EXERCISE REQUIREMENTS>
Every entry below should be written out exactly, and no image should appear.

:::::

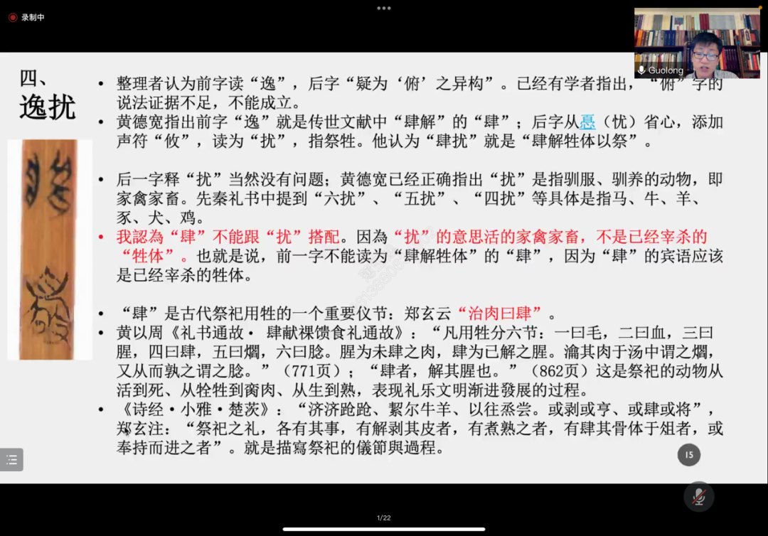 2021年12月14日20:00,美国佛罗里达大学艺术史系来国龙教授应邀为四川大学中国俗文化研究所师生作了题为“清华简《四告》中的祭祀仪节”的学术讲座。讲座在四川大学江安校区文科楼一区311会议室及腾讯会议线上平台同时举行,由四川大学中国俗文化研究所所长普慧(张弘)教授主持。我所雷汉卿教授、孙尚勇教授共同参与本次讲座的与谈。来自本校和北京师范大学、南京大学、武汉大学、西北师范大学等多所高校的五百余名师生通过网络共同参与了此次讲座。
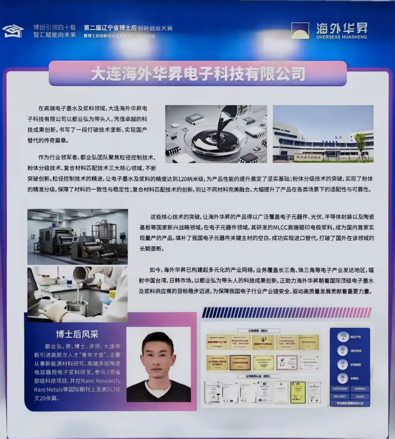 大連海外華昇電子科技有限公司(簡稱“海外華昇”)于2016年4月成立,注冊資本7940萬元,是一家專業(yè)從事高精度、微米/納米級電子漿料研發(fā)、生產(chǎn)和銷售的高新技術(shù)企業(yè)。目前,海外華昇已完成實(shí)際投資超2億元,建成大連總公司、無錫子公司、東莞分公司、上海子公司(上海正銀)、嘉興子公司(浙江納沛)、肇慶子公司、淮北子公司和日本子公司,擁有國際領(lǐng)先的電子漿料精益生產(chǎn)線,設(shè)備400臺(套),設(shè)計(jì)年產(chǎn)能1000噸,設(shè)計(jì)產(chǎn)值30億元。
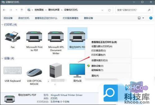 4. 接着我们在选中“打印机属性”功能;
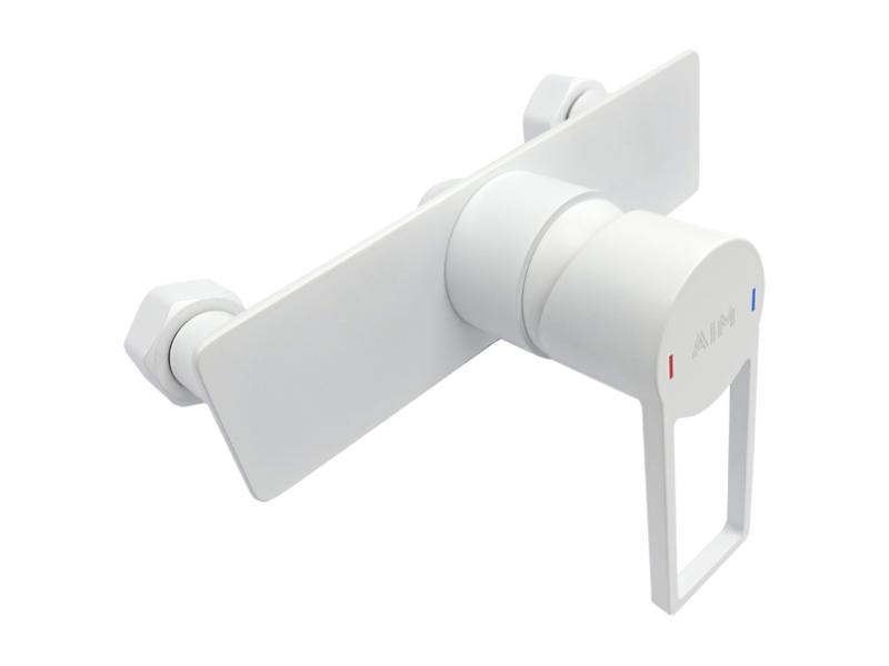 Змішувач для душової кабіни AIM виготовлений із міцної латуні та має антикорозійне матове покриття білого кольору. Литий корпус (18х4,7 см) не підлягає розхитуванню та протіканню. Верхній важіль з керамічним картриджем дозволяє плавно регулювати тиск і температуру води. Для зручного використання на важіль нанесені кольорові маркери подачі холодної та гарячої води. Змішувач з'єднаний із душовою лійкою довгим шлангом (1,5 м). На одному кінці шланга розташована гайка для кріплення до змішувача, на іншому є з'єднання для лійки. Обидва виходи захищені пластиковими ковпачками. Душова лійка довжиною 24,5 см встановлюється на тримач. На її круглій поверхні (діаметр 10,8 см) розташовані різні за розміром форсунки, які формують кілька режимів душу. Перемикання на них здійснюється за допомогою поворотного диска. Змішувач для душової кабіни монтується у стіну. Постачається в міцній картонній коробці зі штрихкодом. В комплект входять: змішувач для душової кабіни, душова лійка, тримач, накладні чаші, 2 ексцентрики з прокладками, інструкція, гарантійний талон, трикотажні рукавички. Розмір пакування 400х230х125 мм. Гарантія: 5 років. Виробництво: Китай.
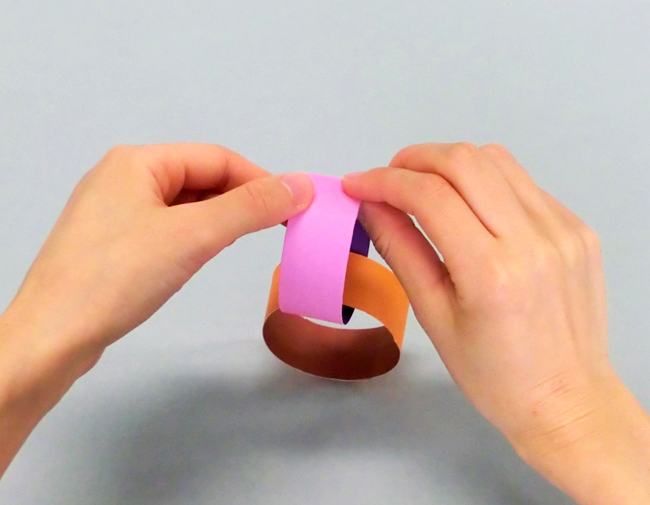 ②切った色がみの端を、のりで貼り合わせます。できた輪に次の色がみを通し、つないでいきましょう。
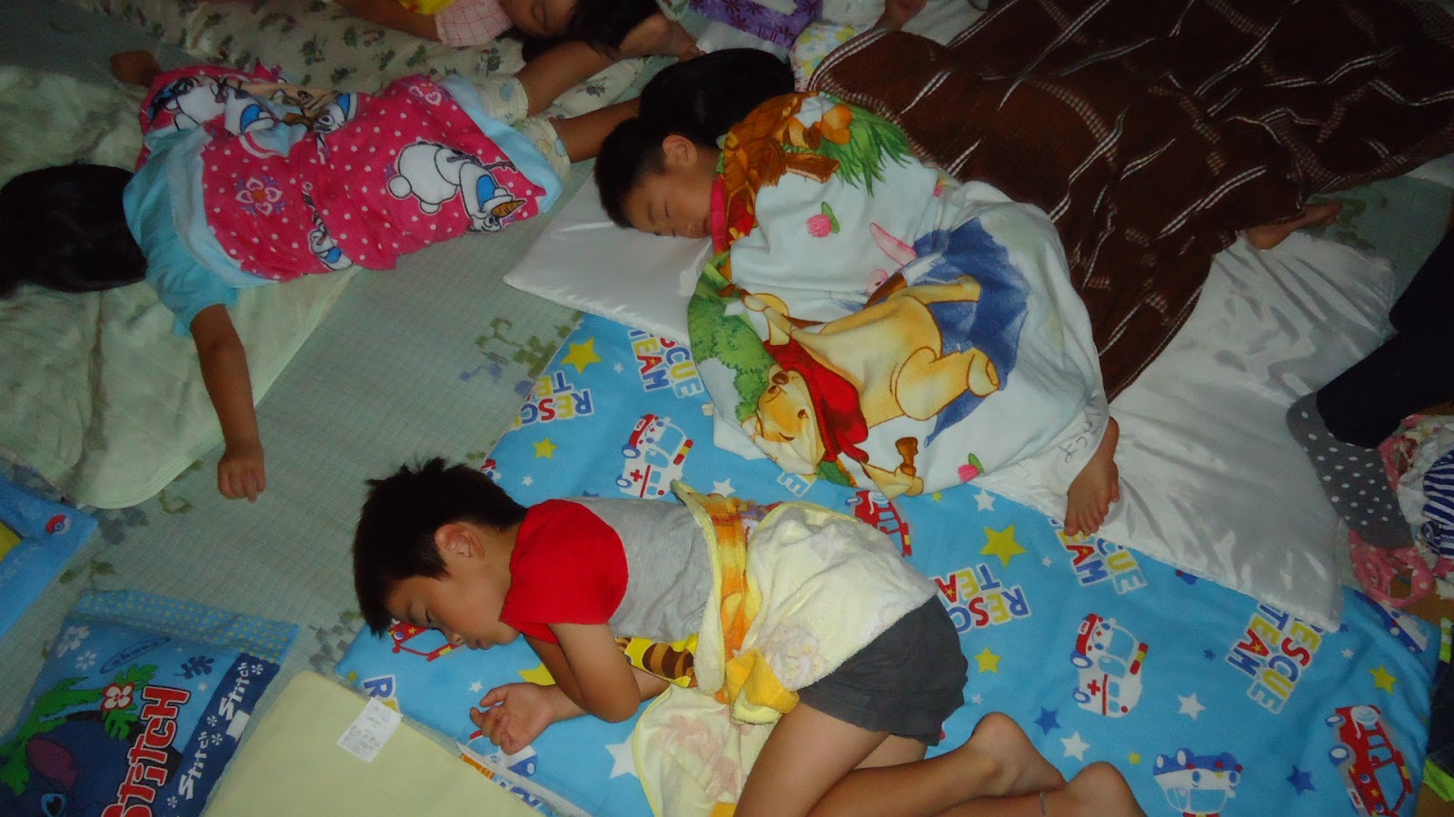 就寝準備をして、お布団に横になる頃には、お化けが怖くて涙していた子も笑顔になり、みんなでおやすみなさい!!こんな風に、お友達と一緒に眠る経験って、貴重ですよね!疲れてすぐに寝てしまう子もいましたが、逆にテンションが上って、なかなか眠れない子も(笑)それでもみんな眠りにつき、無事に1日目を終えました。どんな夢を見ているのかな。
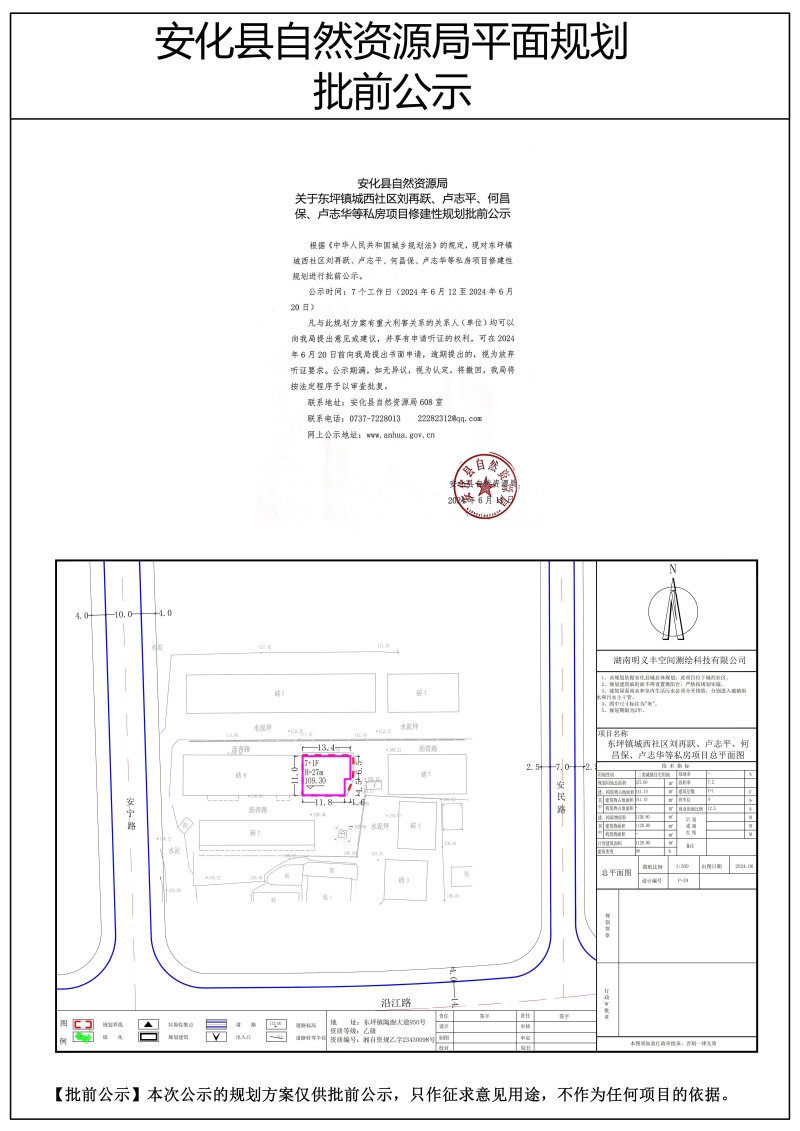 东坪镇城西社区刘再跃、卢志平、何昌保、卢志华等私房项目修建性详细规划批前公示
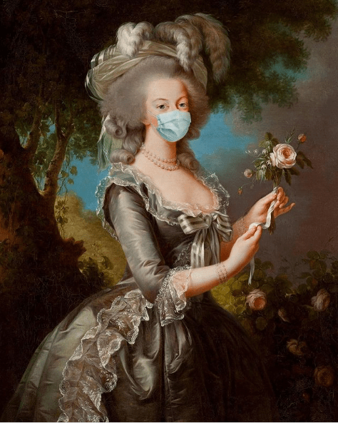 Covid-19-pandemin gav en stor skara människor tid och vilja att skapa och uttrycka sig genom konst. Denna konstnärlighet har kunnat ta sig i uttryck som mem och parodier av kända personer eller fenomen. Speciellt ansiktsmasker har förekommit i diverse konstverk världen över som en reflektion av vår samtida situation, vilket BBC rapporterar om (How masks appeared in art 2020). Genevieve Blais är en av dem som har tagit inspiration av pandemin och skapat konstverk baserade på fenomen som uppkommit i och med coronan, exempelvis användningen av munskydd och hamstringen av toalettpappersrullar. Hon är en kanadensisk fotobaserad konstnär, känd för verk som både involverar konsthistoria och teoretiska narrativ. Hon använder sig av bekanta objekt och historier men förändrar dem till en fantasifull representation av vad de en gång varit. På sin webbsida beskriver Genevieve att sexualitet, mortalitet och symbolism genomsyrar verken (Genevieve Blais 2020). När covid-19 inträffade skapade hon ett alternativt Instagramkonto med namnet plaugehistory, dedikerat till konsthistoriska modifierade verk där hon bland annat lagt till ansiktsmasker på kända målningar. Den första Instagrambilden på denna sida är från mars 2020, och under året som gått har hon skapat mer än hundra bilder på samma tema, med målningar som Leonardo da Vincis Mona Lisa och Michelangelos David (plaugehistory 2020) som grund. På webbsidan boredpanda där Genevieve har ett eget konto kommenterade hon sitt val att uppdatera konsthistorien för 2020 med att ”We could all use a smile in lieu of recent events” (Classic paintings reimagined 2020).
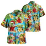 Celebrate the holiday season with a touch of Star Wars flair in this festive Yoda Hawaiian shirt. Perfect for Star Wars fans looking to add a unique twist to their Christmas wardrobe.

:::::

OUTPUT FOR THIS EXERCISE>
 2021年12月14日20:00,美国佛罗里达大学艺术史系来国龙教授应邀为四川大学中国俗文化研究所师生作了题为“清华简《四告》中的祭祀仪节”的学术讲座。讲座在四川大学江安校区文科楼一区311会议室及腾讯会议线上平台同时举行,由四川大学中国俗文化研究所所长普慧(张弘)教授主持。我所雷汉卿教授、孙尚勇教授共同参与本次讲座的与谈。来自本校和北京师范大学、南京大学、武汉大学、西北师范大学等多所高校的五百余名师生通过网络共同参与了此次讲座。
 大連海外華昇電子科技有限公司(簡稱“海外華昇”)于2016年4月成立,注冊資本7940萬元,是一家專業(yè)從事高精度、微米/納米級電子漿料研發(fā)、生產(chǎn)和銷售的高新技術(shù)企業(yè)。目前,海外華昇已完成實(shí)際投資超2億元,建成大連總公司、無錫子公司、東莞分公司、上海子公司(上海正銀)、嘉興子公司(浙江納沛)、肇慶子公司、淮北子公司和日本子公司,擁有國際領(lǐng)先的電子漿料精益生產(chǎn)線,設(shè)備400臺(套),設(shè)計(jì)年產(chǎn)能1000噸,設(shè)計(jì)產(chǎn)值30億元。
 4. 接着我们在选中“打印机属性”功能;
 Змішувач для душової кабіни AIM виготовлений із міцної латуні та має антикорозійне матове покриття білого кольору. Литий корпус (18х4,7 см) не підлягає розхитуванню та протіканню. Верхній важіль з керамічним картриджем дозволяє плавно регулювати тиск і температуру води. Для зручного використання на важіль нанесені кольорові маркери подачі холодної та гарячої води. Змішувач з'єднаний із душовою лійкою довгим шлангом (1,5 м). На одному кінці шланга розташована гайка для кріплення до змішувача, на іншому є з'єднання для лійки. Обидва виходи захищені пластиковими ковпачками. Душова лійка довжиною 24,5 см встановлюється на тримач. На її круглій поверхні (діаметр 10,8 см) розташовані різні за розміром форсунки, які формують кілька режимів душу. Перемикання на них здійснюється за допомогою поворотного диска. Змішувач для душової кабіни монтується у стіну. Постачається в міцній картонній коробці зі штрихкодом. В комплект входять: змішувач для душової кабіни, душова лійка, тримач, накладні чаші, 2 ексцентрики з прокладками, інструкція, гарантійний талон, трикотажні рукавички. Розмір пакування 400х230х125 мм. Гарантія: 5 років. Виробництво: Китай.
 ②切った色がみの端を、のりで貼り合わせます。できた輪に次の色がみを通し、つないでいきましょう。
 就寝準備をして、お布団に横になる頃には、お化けが怖くて涙していた子も笑顔になり、みんなでおやすみなさい!!こんな風に、お友達と一緒に眠る経験って、貴重ですよね!疲れてすぐに寝てしまう子もいましたが、逆にテンションが上って、なかなか眠れない子も(笑)それでもみんな眠りにつき、無事に1日目を終えました。どんな夢を見ているのかな。
 东坪镇城西社区刘再跃、卢志平、何昌保、卢志华等私房项目修建性详细规划批前公示
 Covid-19-pandemin gav en stor skara människor tid och vilja att skapa och uttrycka sig genom konst. Denna konstnärlighet har kunnat ta sig i uttryck som mem och parodier av kända personer eller fenomen. Speciellt ansiktsmasker har förekommit i diverse konstverk världen över som en reflektion av vår samtida situation, vilket BBC rapporterar om (How masks appeared in art 2020). Genevieve Blais är en av dem som har tagit inspiration av pandemin och skapat konstverk baserade på fenomen som uppkommit i och med coronan, exempelvis användningen av munskydd och hamstringen av toalettpappersrullar. Hon är en kanadensisk fotobaserad konstnär, känd för verk som både involverar konsthistoria och teoretiska narrativ. Hon använder sig av bekanta objekt och historier men förändrar dem till en fantasifull representation av vad de en gång varit. På sin webbsida beskriver Genevieve att sexualitet, mortalitet och symbolism genomsyrar verken (Genevieve Blais 2020). När covid-19 inträffade skapade hon ett alternativt Instagramkonto med namnet plaugehistory, dedikerat till konsthistoriska modifierade verk där hon bland annat lagt till ansiktsmasker på kända målningar. Den första Instagrambilden på denna sida är från mars 2020, och under året som gått har hon skapat mer än hundra bilder på samma tema, med målningar som Leonardo da Vincis Mona Lisa och Michelangelos David (plaugehistory 2020) som grund. På webbsidan boredpanda där Genevieve har ett eget konto kommenterade hon sitt val att uppdatera konsthistorien för 2020 med att ”We could all use a smile in lieu of recent events” (Classic paintings reimagined 2020).
 Celebrate the holiday season with a touch of Star Wars flair in this festive Yoda Hawaiian shirt. Perfect for Star Wars fans looking to add a unique twist to their Christmas wardrobe.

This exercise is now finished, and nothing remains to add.